Comparing the two cases with a bargaining example
Bargaining is a good way to see the difference between one-shot and repeated games. Suppose two friends must divide a pizza 🍕. In a one-shot bargaining game, each friend may push hard for the biggest slice because there is no tomorrow to worry about.
Now imagine the same two friends must share food every week. If one friend takes too much today, the other may remember it next week and respond by taking more later or refusing to cooperate. Over time, both friends may do better by being fair, because fairness helps preserve the relationship.
In a finite repeated bargaining game, cooperation may start early but weaken near the end because everyone knows the final round is approaching. In an infinitely repeated bargaining setting, fairness can remain stable if both sides care enough about the future and believe the other side will keep playing along.
This helps explain why long-term partnerships often involve patience and compromise. People are not only dividing today’s gains; they are also protecting tomorrow’s opportunities.
Conclusion
Finite and infinitely repeated games show how time changes strategy. In a one-shot game, players focus on the current round. In a finite repeated game, the known ending can weaken cooperation, especially near the last round.
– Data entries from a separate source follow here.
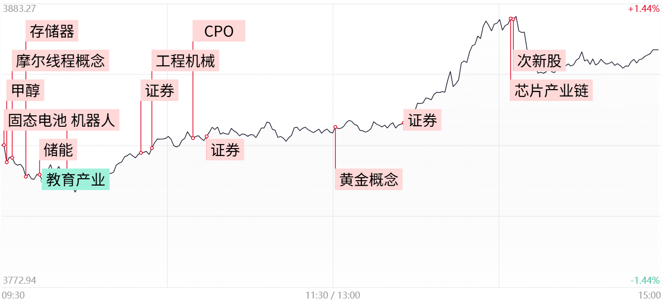 板块上,以证券为代表的大金融方向午后进一步加强,汇金股份、国盛金控、华泰证券、国盛金控涨停,指南针、财富趋势、东吴证券、东方财富、中信证券等涨幅居前。
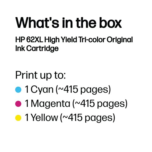 - For reliable performance and consistent, outstanding results, choose HP original ink cartridges. Designed and tested for optimal results, these HP 62XL cartridges are supplied as a complete print head and ink unit and are designed to prevent clogging and corrosion. Producing vivid colour documents and lab-quality photos that dry quickly, the HP 62 XL Tri-color cartridge also has an impressive page yield of 415 pages.
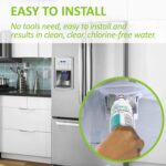 Twist and lock design for no tools to replace cartridge inside refrigerator, and it only take less than one minute to finish replacement. You have to run at least 2.5 gallons (around 5 minutes) of water through the system to flush out the lines before drinking.
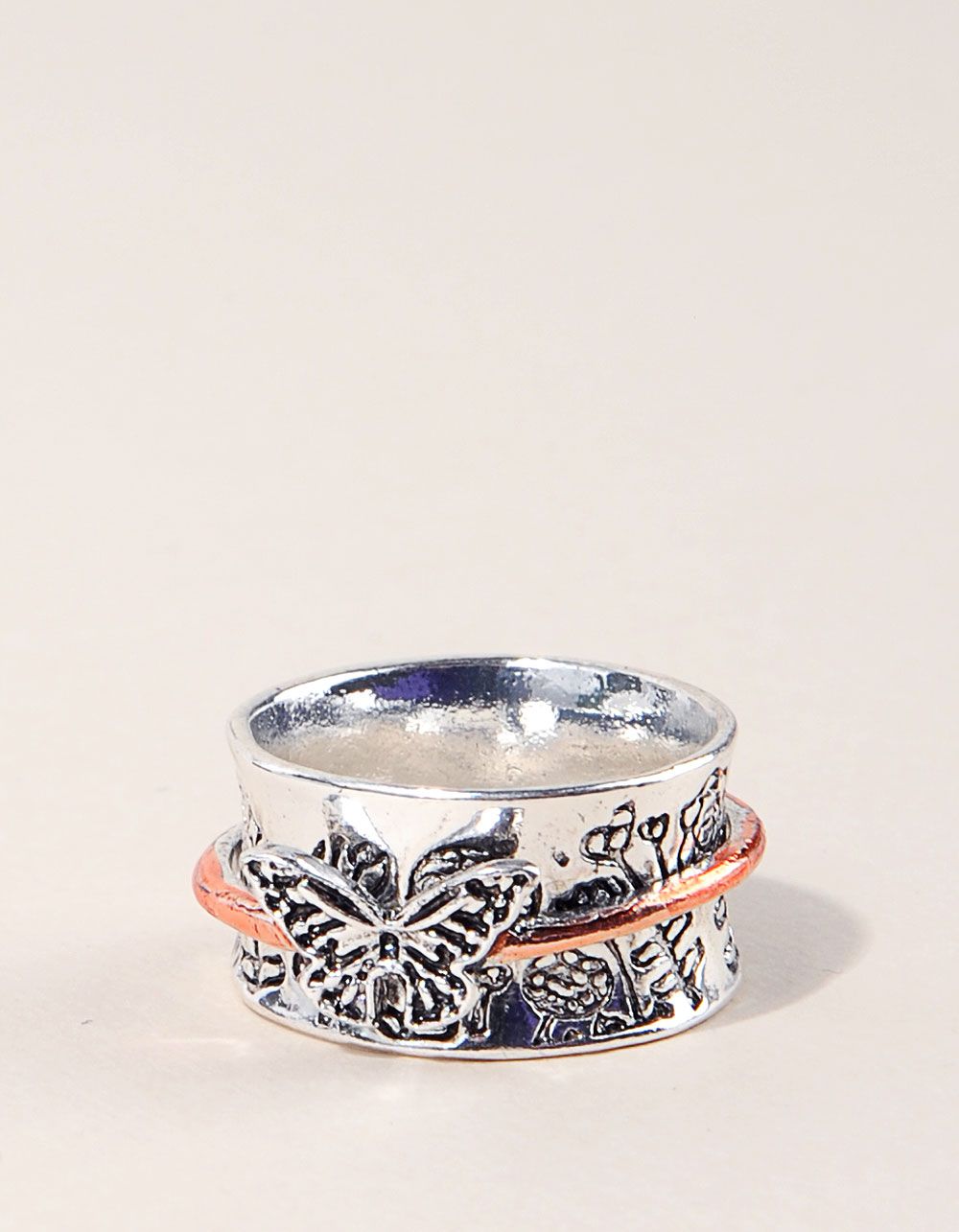 Кільце широке з метеликом та зображенням квітів
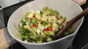 Продължаваме с картофите. Обелваме ги, измиваме и нарязваме на кубчета. Червена чушка слагам малко за цвят и аромат, а и манджата става „по-блага“. После вземаме подходяща тенжера, сипваме олио да загрее и слагаме всички продукти вътре.
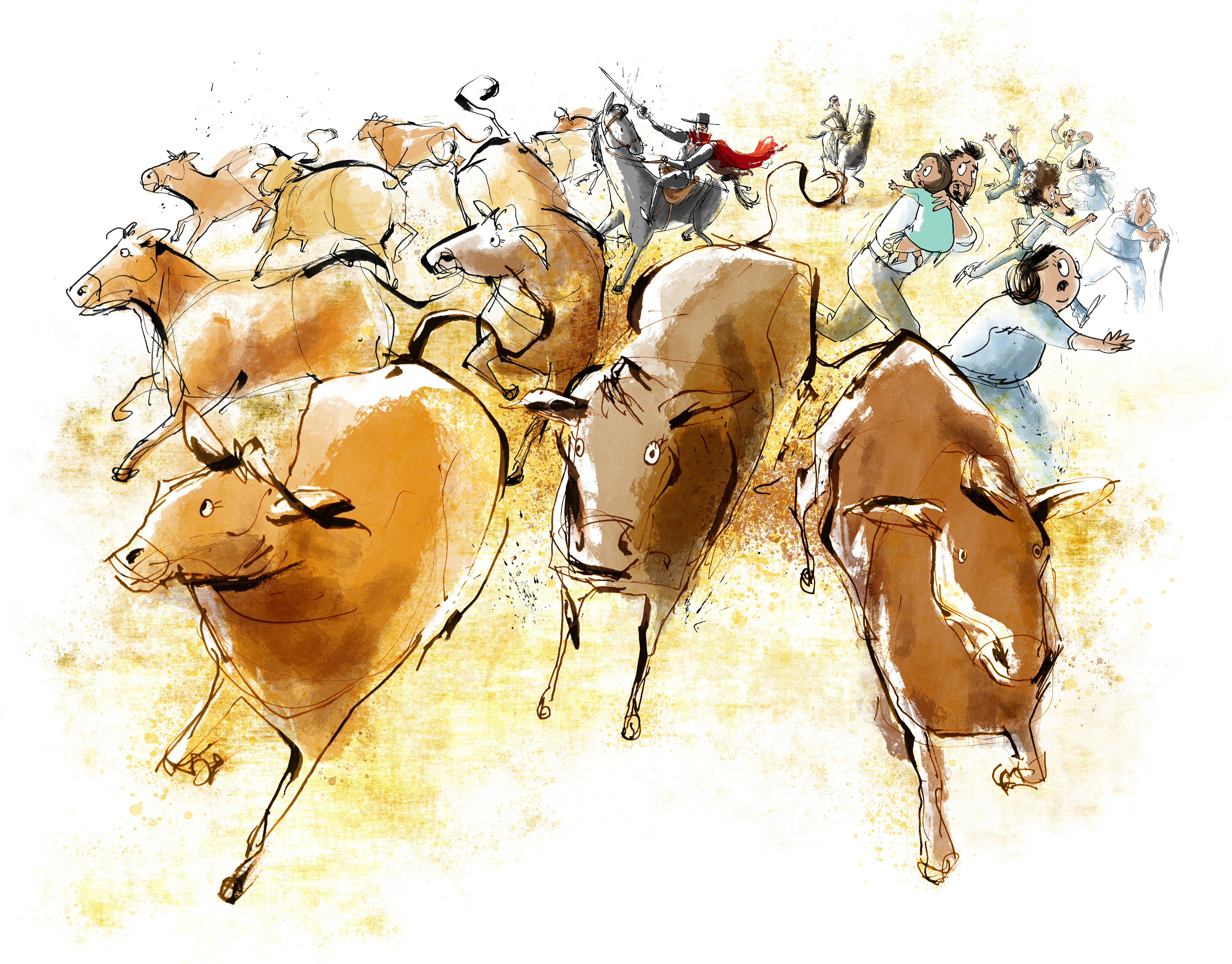 Ah, you may laugh little Moncho because you hear cattle and you think of Aunt Maria’s old milking cow, placidly chewing the grass in her back yard. But even old Hernandez is big enough that he could be quite a frightening sight if something had spooked him and sent him charging heedlessly towards you. Now imagine thirty, forty or even fifty such beasts, all snorting and bumping and jostling one another in fright, a great wave of solid beef about to trample you into the dust if you don’t get quickly out of its way.
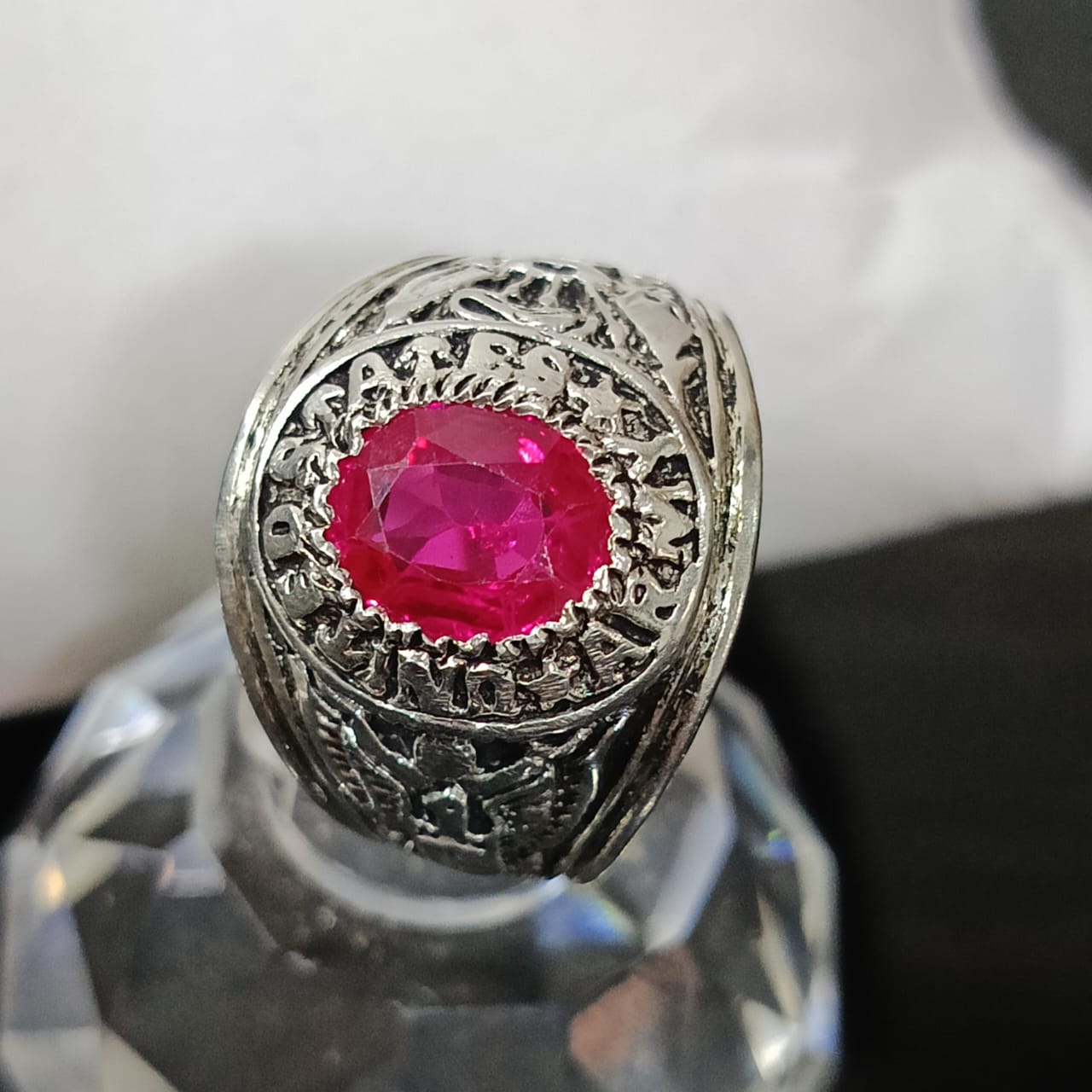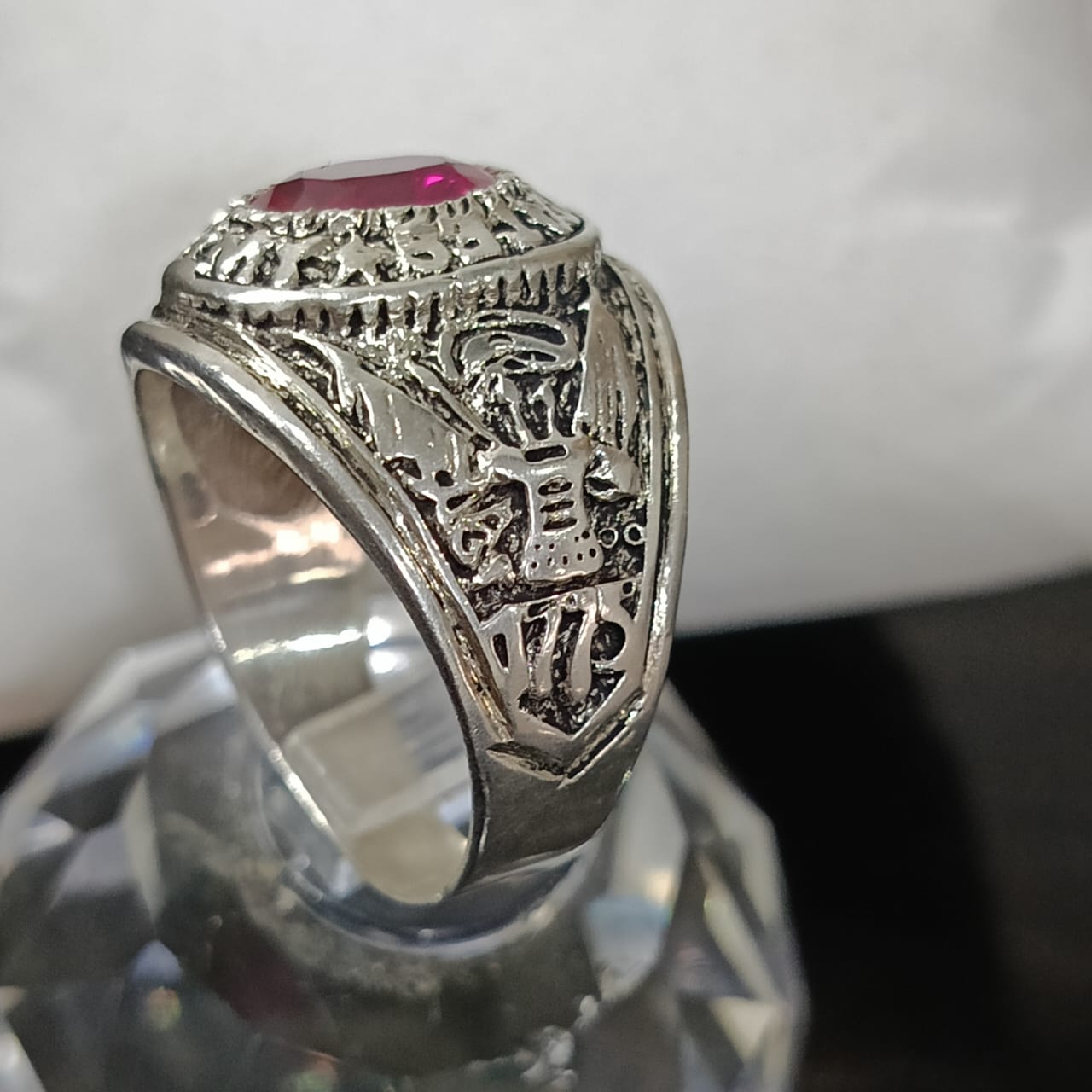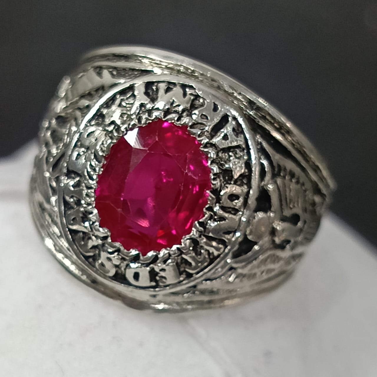 خاتم فضة أمريكي تحفة بحجر ياقوت طبيعي
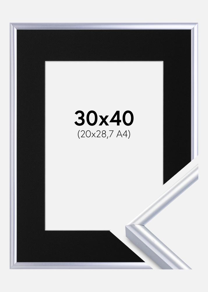Cornice Victoria Argento 30x40 cm - Passe-partout Nero 21x29,7 cm (A4)
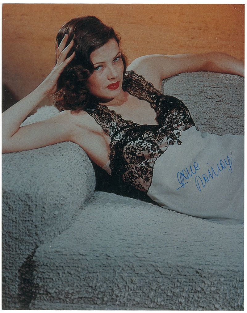 Color satin-finish 8 x 10 photo of Tierney lying on a couch, signed in blue felt tip. In fine condition, with some light creases to top corners and edge.

In an infinitely repeated game, the future can support cooperation because today’s choice affects tomorrow’s opportunities.
students, the main lesson is that future play matters when players expect to interact again and care enough about what happens later. That is why trust, reputation, and credible punishment are so important in repeated games. Understanding this helps explain behavior in friendships, markets, workplaces, and negotiations.
Study Notes
- A one-shot game is played once, so only the current payoff matters.
- A repeated game is played over multiple rounds, so past actions can affect future outcomes.
- A finite repeated game has a known last round.
- In a finite game, the last round can behave like a one-shot game because there is no future afterward.
- Backward induction is reasoning from the final round backward to predict behavior earlier in the game.
- An infinitely repeated game has no known final round, so future consequences can support cooperation.
- Repetition changes incentives because each action has both an immediate effect and a future effect.
- Cooperation can be sustained by rewards, punishments, reputation, and trust.
- Future play matters most when players expect many future interactions and value later payoffs enough.
- Future play matters less when the relationship is ending or when future rewards are small.